BEGIN PROVIDED DATA

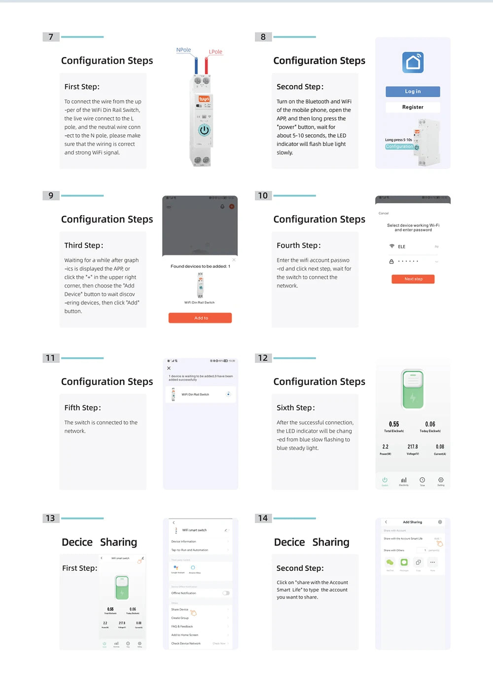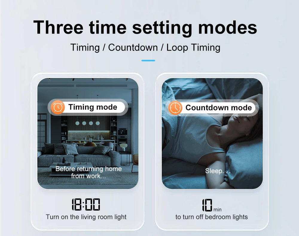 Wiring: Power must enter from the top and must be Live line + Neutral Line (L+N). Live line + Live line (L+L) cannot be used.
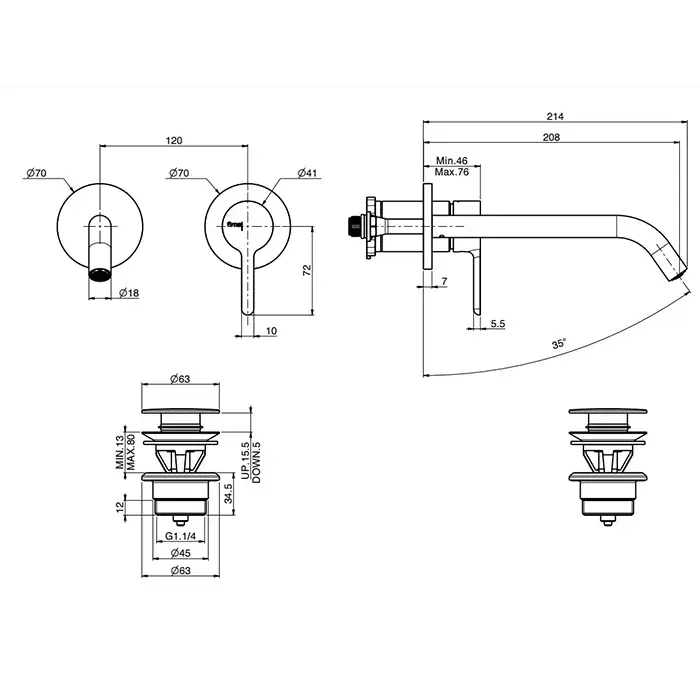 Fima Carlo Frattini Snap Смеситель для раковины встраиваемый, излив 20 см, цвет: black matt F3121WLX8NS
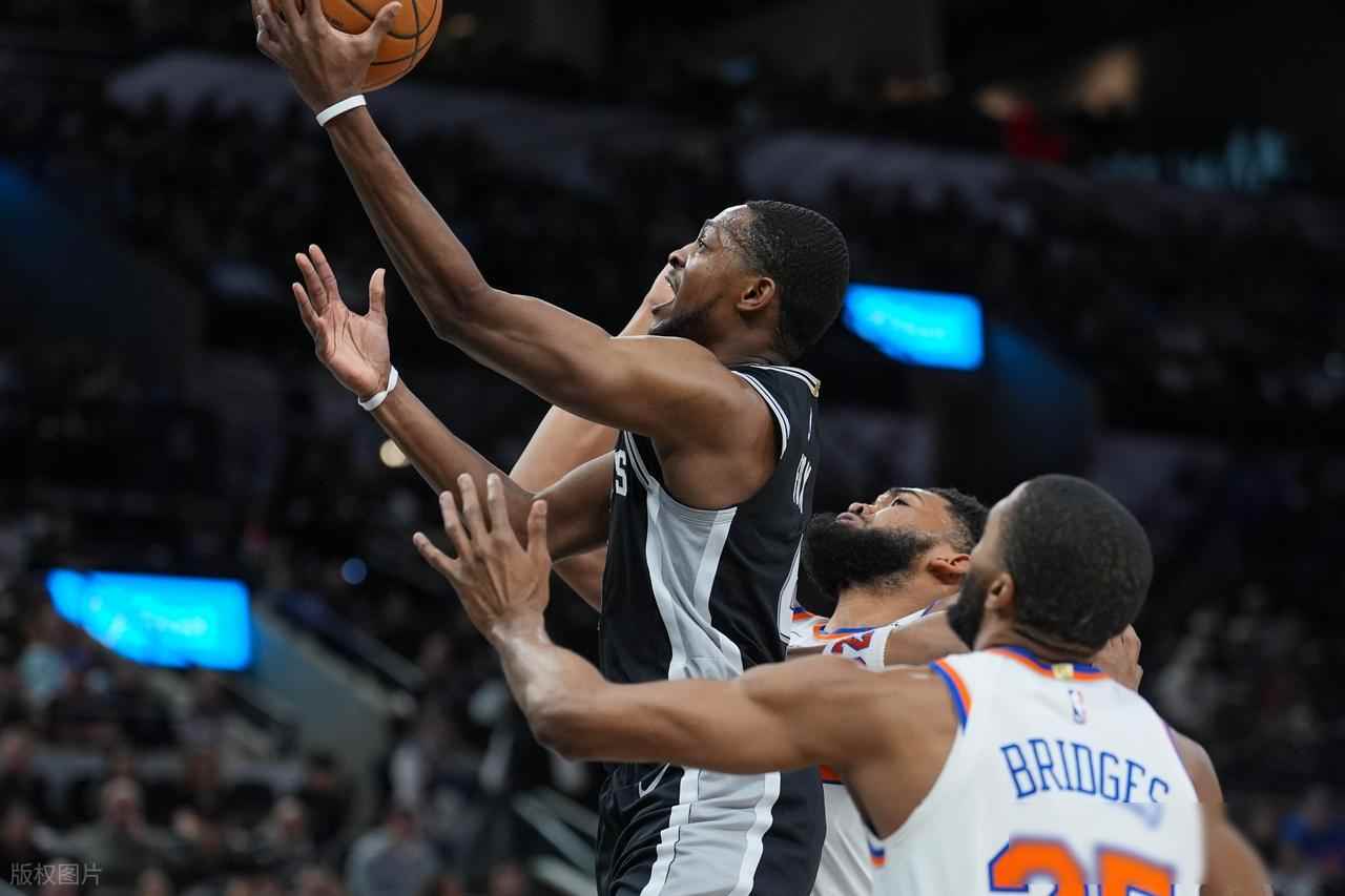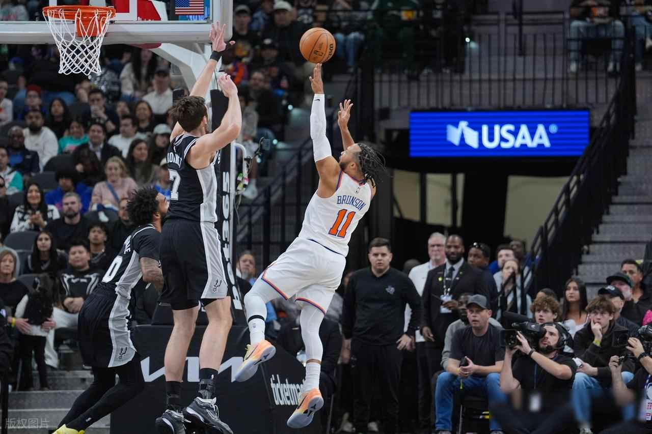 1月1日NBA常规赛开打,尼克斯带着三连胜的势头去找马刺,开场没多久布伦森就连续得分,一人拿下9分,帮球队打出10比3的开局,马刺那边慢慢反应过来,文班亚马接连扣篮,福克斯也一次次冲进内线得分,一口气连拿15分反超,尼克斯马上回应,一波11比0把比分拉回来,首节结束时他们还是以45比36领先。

END PROVIDED DATA
BEGIN PROVIDED DATA

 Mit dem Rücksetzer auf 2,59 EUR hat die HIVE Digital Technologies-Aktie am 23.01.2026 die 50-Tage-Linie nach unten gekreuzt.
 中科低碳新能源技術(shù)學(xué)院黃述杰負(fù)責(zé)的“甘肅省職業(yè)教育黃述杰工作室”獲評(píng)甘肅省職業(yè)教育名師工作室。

END PROVIDED DATA

* [WHAT THE TASK REQUIRES] The material above holds pictures; leave them out. Repeat exactly the lines from the one containing "Fima Carlo Frattini" through the one containing "1月1日NBA常规赛开打,尼", and nothing else.

* [ANSWER SPACE]
 Fima Carlo Frattini Snap Смеситель для раковины встраиваемый, излив 20 см, цвет: black matt F3121WLX8NS
 1月1日NBA常规赛开打,尼克斯带着三连胜的势头去找马刺,开场没多久布伦森就连续得分,一人拿下9分,帮球队打出10比3的开局,马刺那边慢慢反应过来,文班亚马接连扣篮,福克斯也一次次冲进内线得分,一口气连拿15分反超,尼克斯马上回应,一波11比0把比分拉回来,首节结束时他们还是以45比36领先。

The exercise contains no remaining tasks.